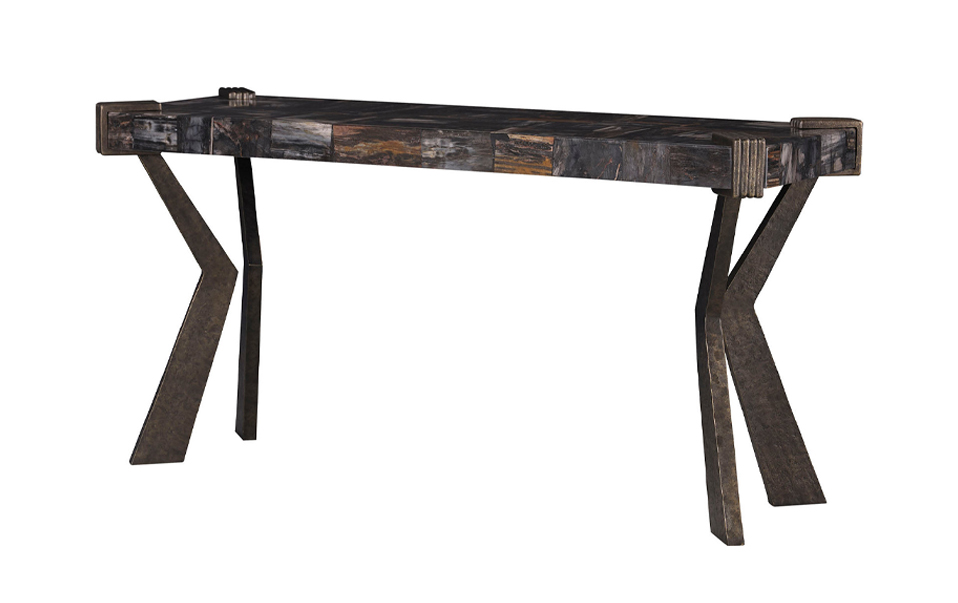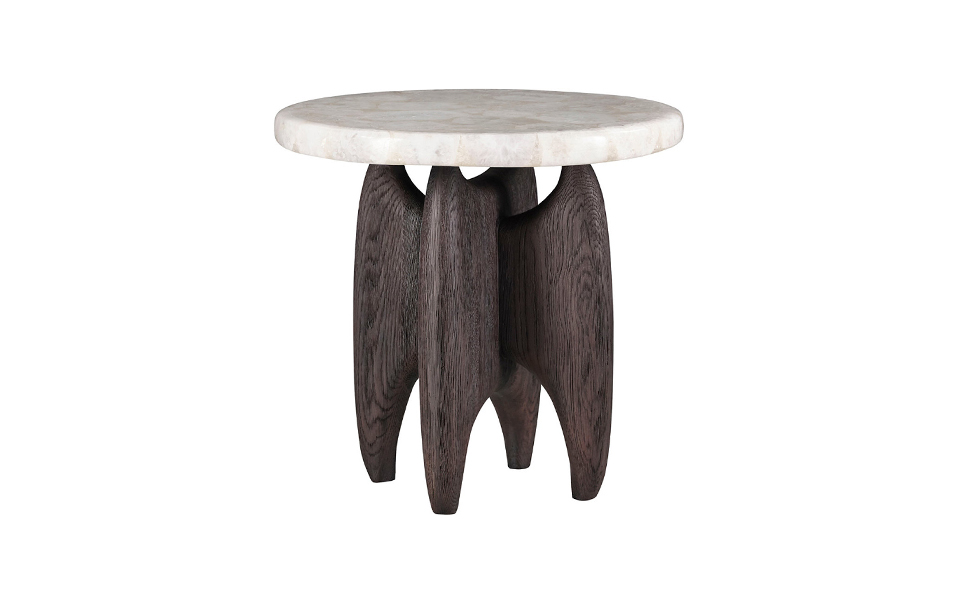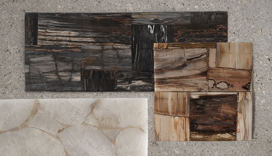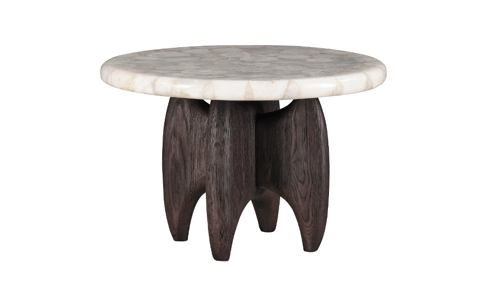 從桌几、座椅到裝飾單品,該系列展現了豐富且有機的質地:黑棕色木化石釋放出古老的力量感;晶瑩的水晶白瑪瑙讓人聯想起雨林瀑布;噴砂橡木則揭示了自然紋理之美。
:::
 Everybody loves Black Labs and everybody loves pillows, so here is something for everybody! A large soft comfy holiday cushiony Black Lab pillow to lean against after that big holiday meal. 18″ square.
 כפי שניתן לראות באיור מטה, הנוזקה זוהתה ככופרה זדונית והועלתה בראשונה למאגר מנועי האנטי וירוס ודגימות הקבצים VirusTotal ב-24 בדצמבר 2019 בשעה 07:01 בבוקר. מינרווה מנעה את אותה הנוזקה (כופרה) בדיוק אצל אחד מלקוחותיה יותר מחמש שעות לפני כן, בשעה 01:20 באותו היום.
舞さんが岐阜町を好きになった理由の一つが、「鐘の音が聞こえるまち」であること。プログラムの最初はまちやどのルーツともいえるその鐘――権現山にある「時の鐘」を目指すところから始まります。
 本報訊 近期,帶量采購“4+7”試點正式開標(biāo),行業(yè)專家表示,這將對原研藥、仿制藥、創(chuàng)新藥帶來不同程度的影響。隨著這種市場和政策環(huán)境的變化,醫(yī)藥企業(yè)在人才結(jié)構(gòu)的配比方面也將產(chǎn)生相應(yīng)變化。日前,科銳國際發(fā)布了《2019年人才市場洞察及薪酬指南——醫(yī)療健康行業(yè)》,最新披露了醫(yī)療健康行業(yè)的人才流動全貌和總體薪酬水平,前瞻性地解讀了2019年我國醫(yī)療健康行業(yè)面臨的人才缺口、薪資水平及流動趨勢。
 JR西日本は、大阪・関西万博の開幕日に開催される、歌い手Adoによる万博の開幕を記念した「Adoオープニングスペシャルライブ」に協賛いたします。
:::
Instructions for the task:
Taking the listing above as the source, transcribe only the lines starting at the line with "Everybody loves Black" and going through the line with "JR西日本は、大阪・関西万博", unaltered and with both ends included.

Exercise answer:
 Everybody loves Black Labs and everybody loves pillows, so here is something for everybody! A large soft comfy holiday cushiony Black Lab pillow to lean against after that big holiday meal. 18″ square.
 כפי שניתן לראות באיור מטה, הנוזקה זוהתה ככופרה זדונית והועלתה בראשונה למאגר מנועי האנטי וירוס ודגימות הקבצים VirusTotal ב-24 בדצמבר 2019 בשעה 07:01 בבוקר. מינרווה מנעה את אותה הנוזקה (כופרה) בדיוק אצל אחד מלקוחותיה יותר מחמש שעות לפני כן, בשעה 01:20 באותו היום.
舞さんが岐阜町を好きになった理由の一つが、「鐘の音が聞こえるまち」であること。プログラムの最初はまちやどのルーツともいえるその鐘――権現山にある「時の鐘」を目指すところから始まります。
 本報訊 近期,帶量采購“4+7”試點正式開標(biāo),行業(yè)專家表示,這將對原研藥、仿制藥、創(chuàng)新藥帶來不同程度的影響。隨著這種市場和政策環(huán)境的變化,醫(yī)藥企業(yè)在人才結(jié)構(gòu)的配比方面也將產(chǎn)生相應(yīng)變化。日前,科銳國際發(fā)布了《2019年人才市場洞察及薪酬指南——醫(yī)療健康行業(yè)》,最新披露了醫(yī)療健康行業(yè)的人才流動全貌和總體薪酬水平,前瞻性地解讀了2019年我國醫(yī)療健康行業(yè)面臨的人才缺口、薪資水平及流動趨勢。
 JR西日本は、大阪・関西万博の開幕日に開催される、歌い手Adoによる万博の開幕を記念した「Adoオープニングスペシャルライブ」に協賛いたします。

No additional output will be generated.